* **Dataset excerpt**:
╔══

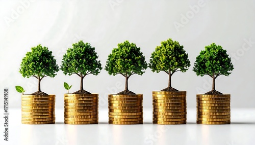 Conceptual image depicting financial growth. Five young trees sprout from stacks of gold coins, symbolizing investment & wealth
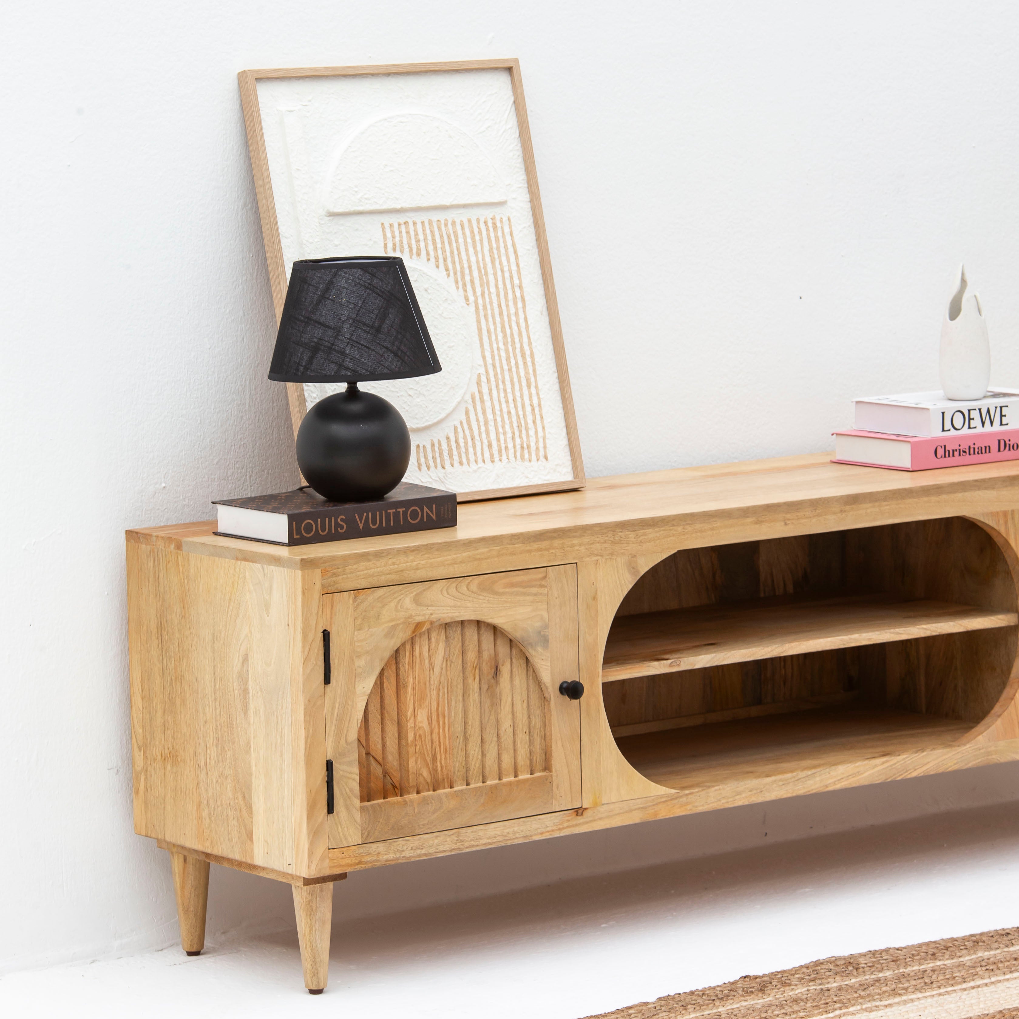 The CANOVA RAATAN Two Door TV Stand brings authentic craftsmanship to your living space. Handcrafted from solid mango wood with traditional rattan detailing, this piece showcases the artistry of Indian woodworking. The two-door design provides ample storage for media components and entertainment essentials, while the warm wood tones and natural rattan accents add organic character to any room. A timeless investment that marries functionality with handmade beauty.
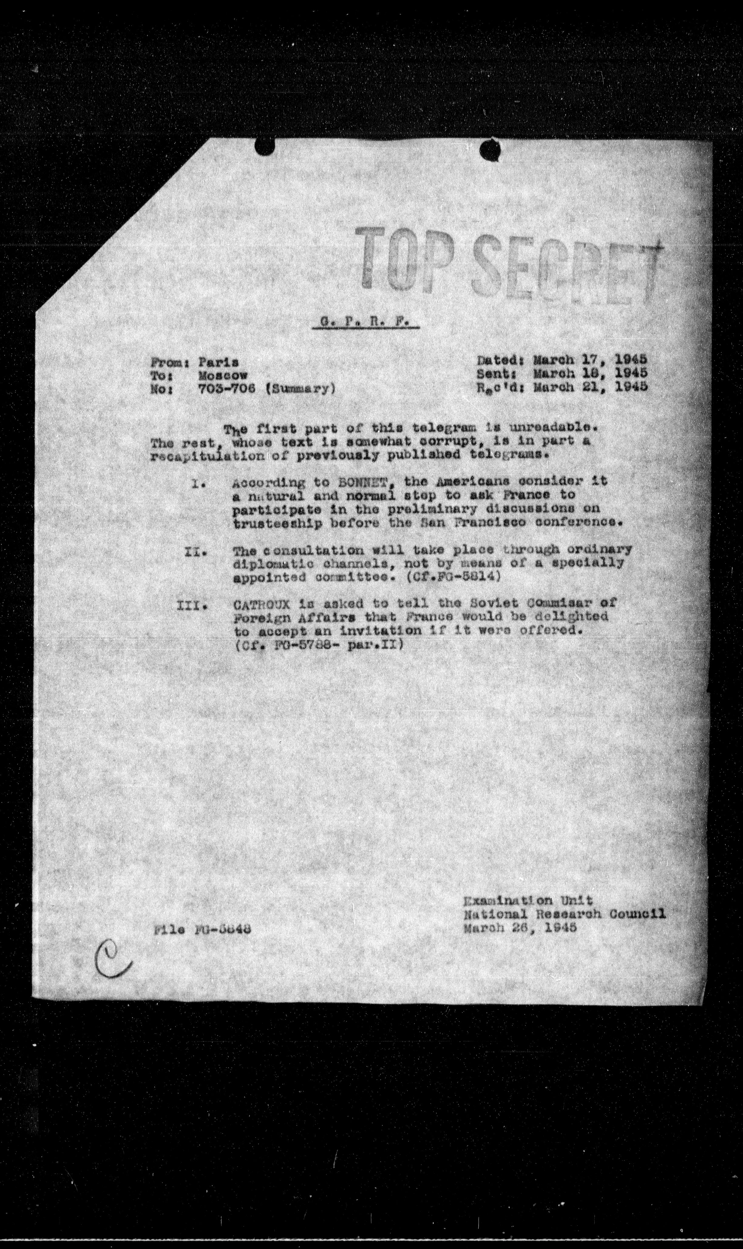 3. CATHOLIX is asked to tell the Soviet Commission of Foreign Affairs that France would be delighted to accept an invitation if it were offered. (Cf. FG-5788- par.II)
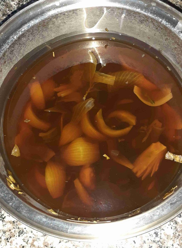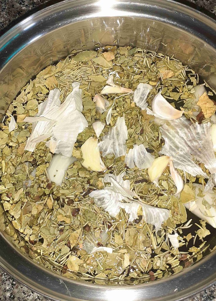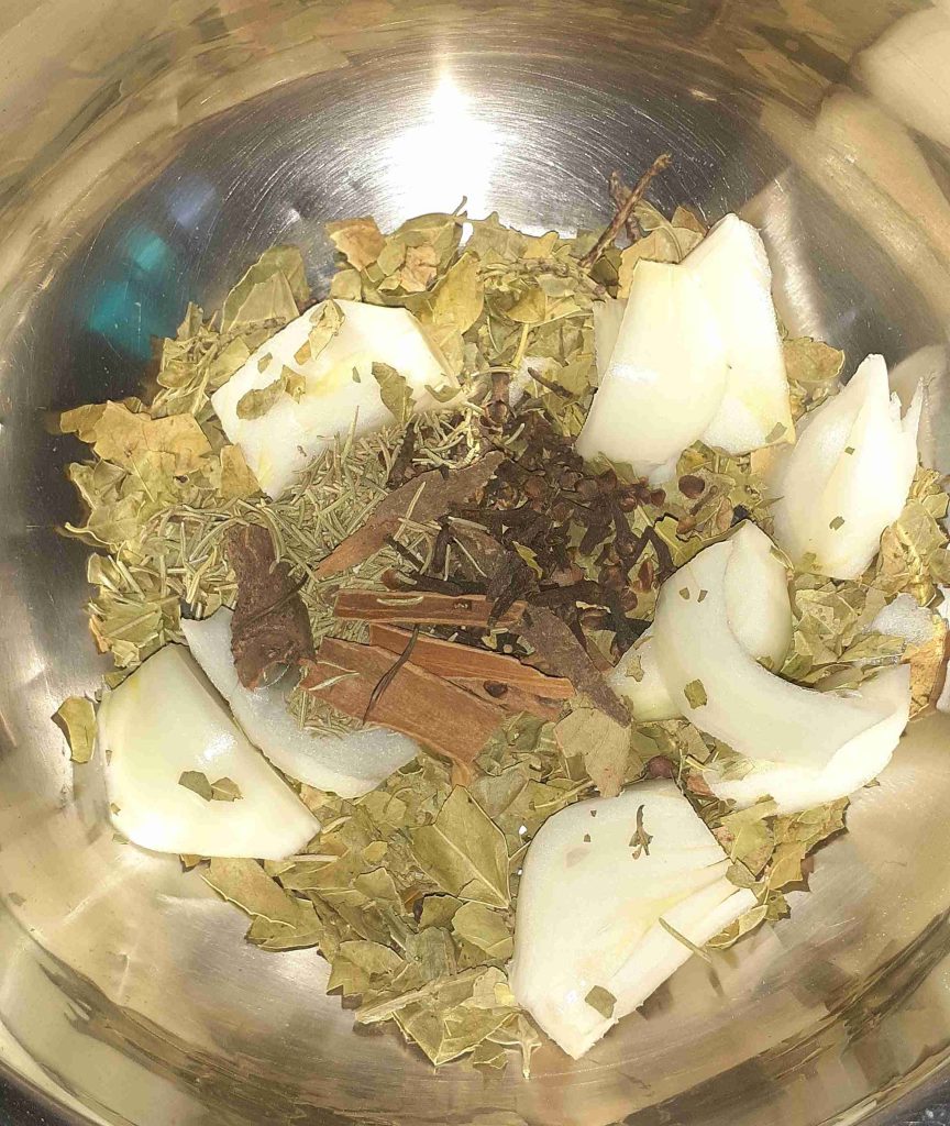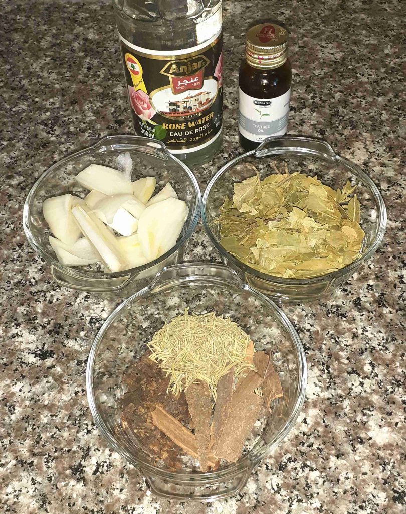 نضع البصل والثوم واوراق السدر واكليل الجبل وعيدان القرفة في طنجرة ونضيف الماء ونغطي الطنجرة ونضعها عالغاز لحد ماتغلي نوطي النار ونتركها تغلي لمدة ثلث ساعة.

╚══

* **Activity**: The expected output is the lines from the line that contains "3. CATHOLIX is" through the last line of the material, reproduced exactly, with both ends present and pictures absent.

* **Task output**:
 3. CATHOLIX is asked to tell the Soviet Commission of Foreign Affairs that France would be delighted to accept an invitation if it were offered. (Cf. FG-5788- par.II)
 نضع البصل والثوم واوراق السدر واكليل الجبل وعيدان القرفة في طنجرة ونضيف الماء ونغطي الطنجرة ونضعها عالغاز لحد ماتغلي نوطي النار ونتركها تغلي لمدة ثلث ساعة.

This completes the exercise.